=== Section Start ===
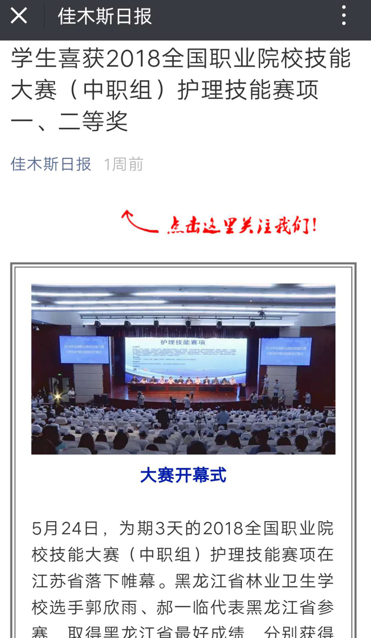 5月24日,為期3天的2018全國職業(yè)院校技能大賽(中職組)護(hù)理技能賽項(xiàng)在江蘇省落下帷幕。黑龍江省林業(yè)衛(wèi)生學(xué)校選手郭欣雨、郝一臨代表黑龍江省參賽,取得黑龍江省最好成績,分別獲得大賽一等獎和二等獎。這是黑龍江省林業(yè)衛(wèi)生學(xué)校繼2011年田雪同學(xué)、2013年徐奧梅同學(xué)、2014年鐵文雅同學(xué)、2017年崔瑩瑩同學(xué)獲得該大賽一等獎后,第五次摘得此項(xiàng)大賽桂冠。
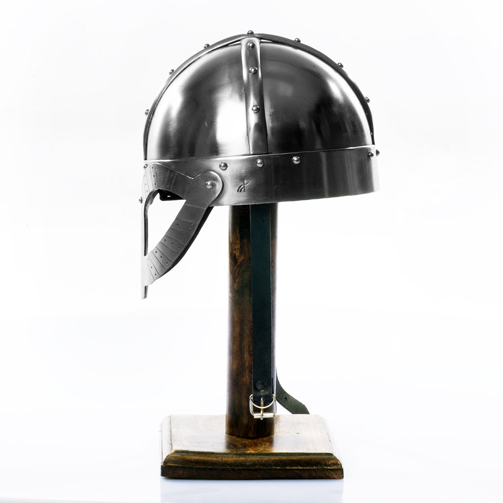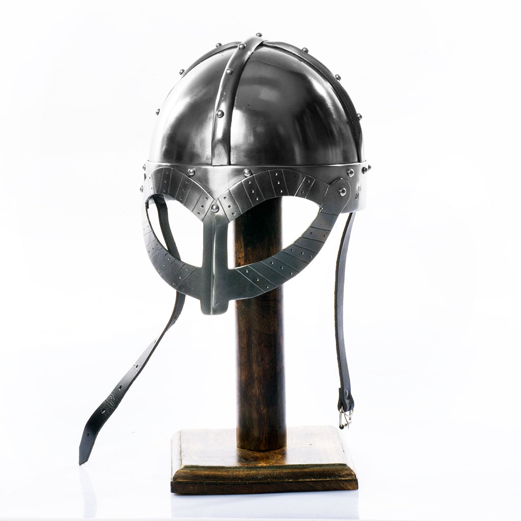 Helm nach dem Vorbild des Wikingerhelms Gjermundbu - das einzige bekannte Beispiel eines vollständigen Wikingerhelms, das existiert. Archäologische Funde zeigen, dass Wikingerhelme aus Eisen in Form einer runden Kappe aus vier Platten mit Metallstreifenverstärkungen an Krempe und Krone gefertigt wurden. Außerdem waren sie mit einem Brillenschutz um die Augen und die Nase versehen.
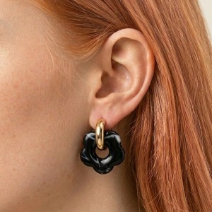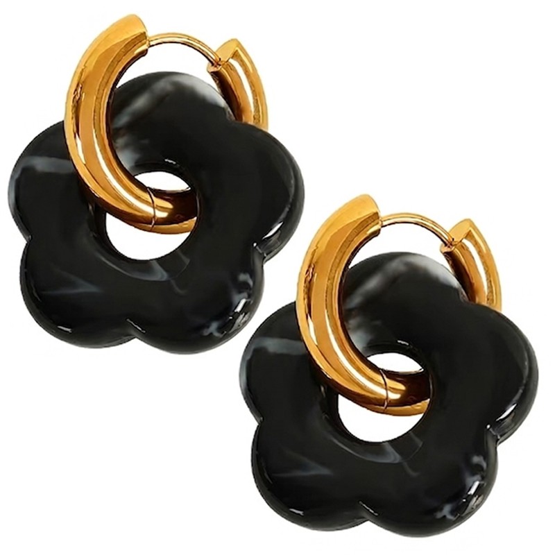 Złote kółka w połączeniu z akrylowym kwiatkiem tworzą harmonijną, dopracowaną całość. Kolczyki pozłacane Czarny Kwiatek to idealne połączenie jakości wykonania, wygody oraz modnego wzornictwa inspirowanego naturą.
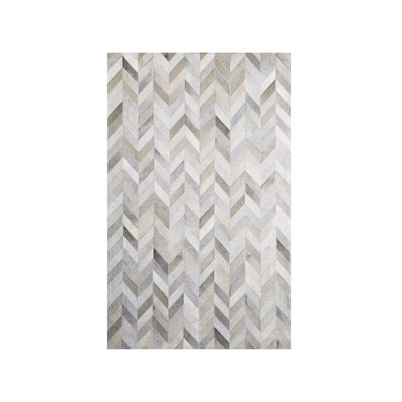 Confeccionado com recortes quadrados de couro legítimo natural em tons de cinza claro, offwhite e marfim. Tapete forrado, antiderrapante , impermeável e com tratamento especial para decoração.
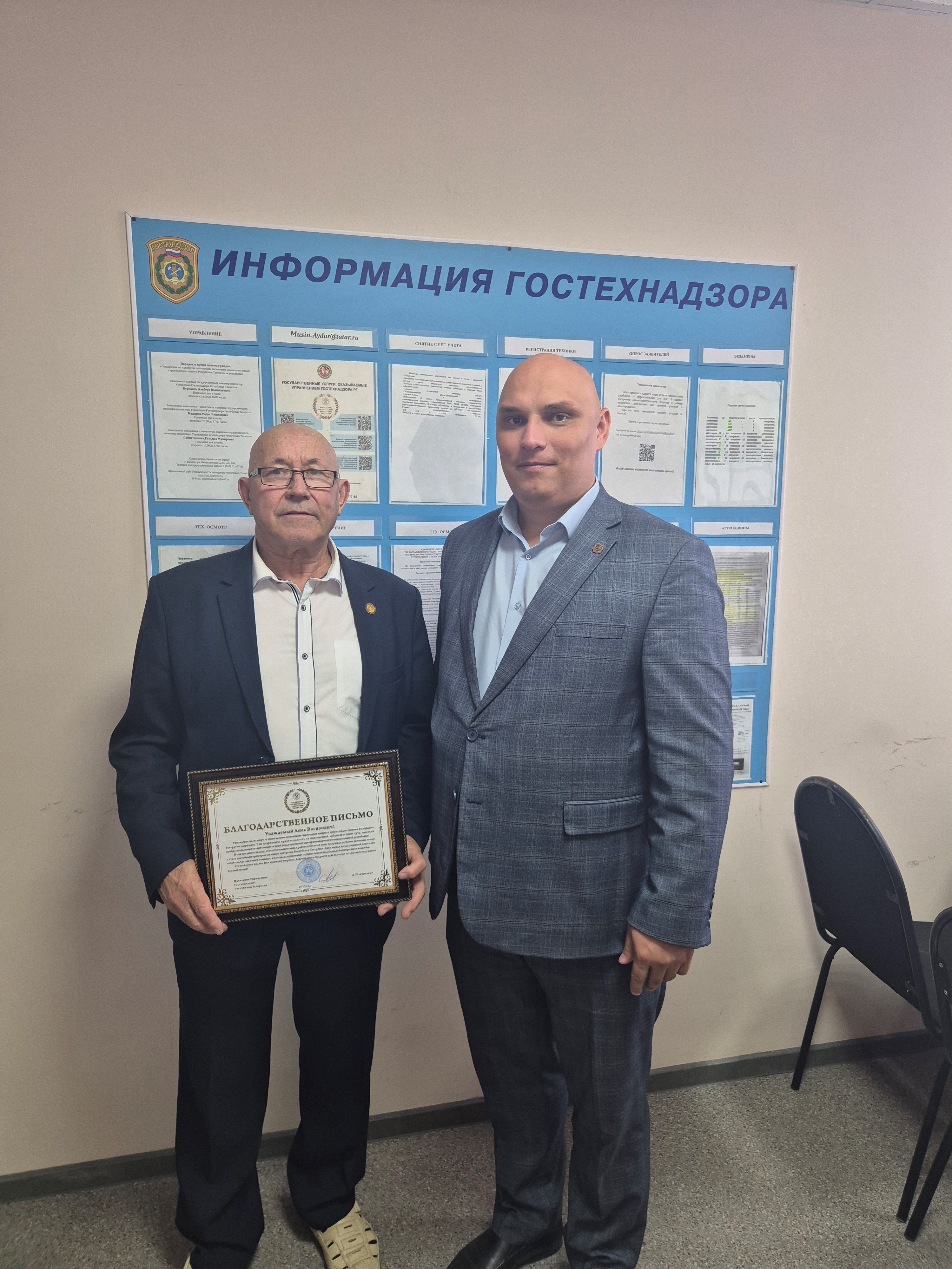 Далее состоялась встреча с ветераном службы Гостехнадзора Валеевым Анасом Вагизовичем, в ходе которой ему была вручена благодарность за многолетний труд и большой вклад в развитие службы Гостехнадзора по случаю юбилейного дня рождения.
=== Section End ===
WHAT IS EXPECTED → Find "Złote kółka w" in the entries, then reproduce that line and each line after it exactly, through the last one. Pictures do not go in.

TASK SOLUTION →
 Złote kółka w połączeniu z akrylowym kwiatkiem tworzą harmonijną, dopracowaną całość. Kolczyki pozłacane Czarny Kwiatek to idealne połączenie jakości wykonania, wygody oraz modnego wzornictwa inspirowanego naturą.
 Confeccionado com recortes quadrados de couro legítimo natural em tons de cinza claro, offwhite e marfim. Tapete forrado, antiderrapante , impermeável e com tratamento especial para decoração.
 Далее состоялась встреча с ветераном службы Гостехнадзора Валеевым Анасом Вагизовичем, в ходе которой ему была вручена благодарность за многолетний труд и большой вклад в развитие службы Гостехнадзора по случаю юбилейного дня рождения.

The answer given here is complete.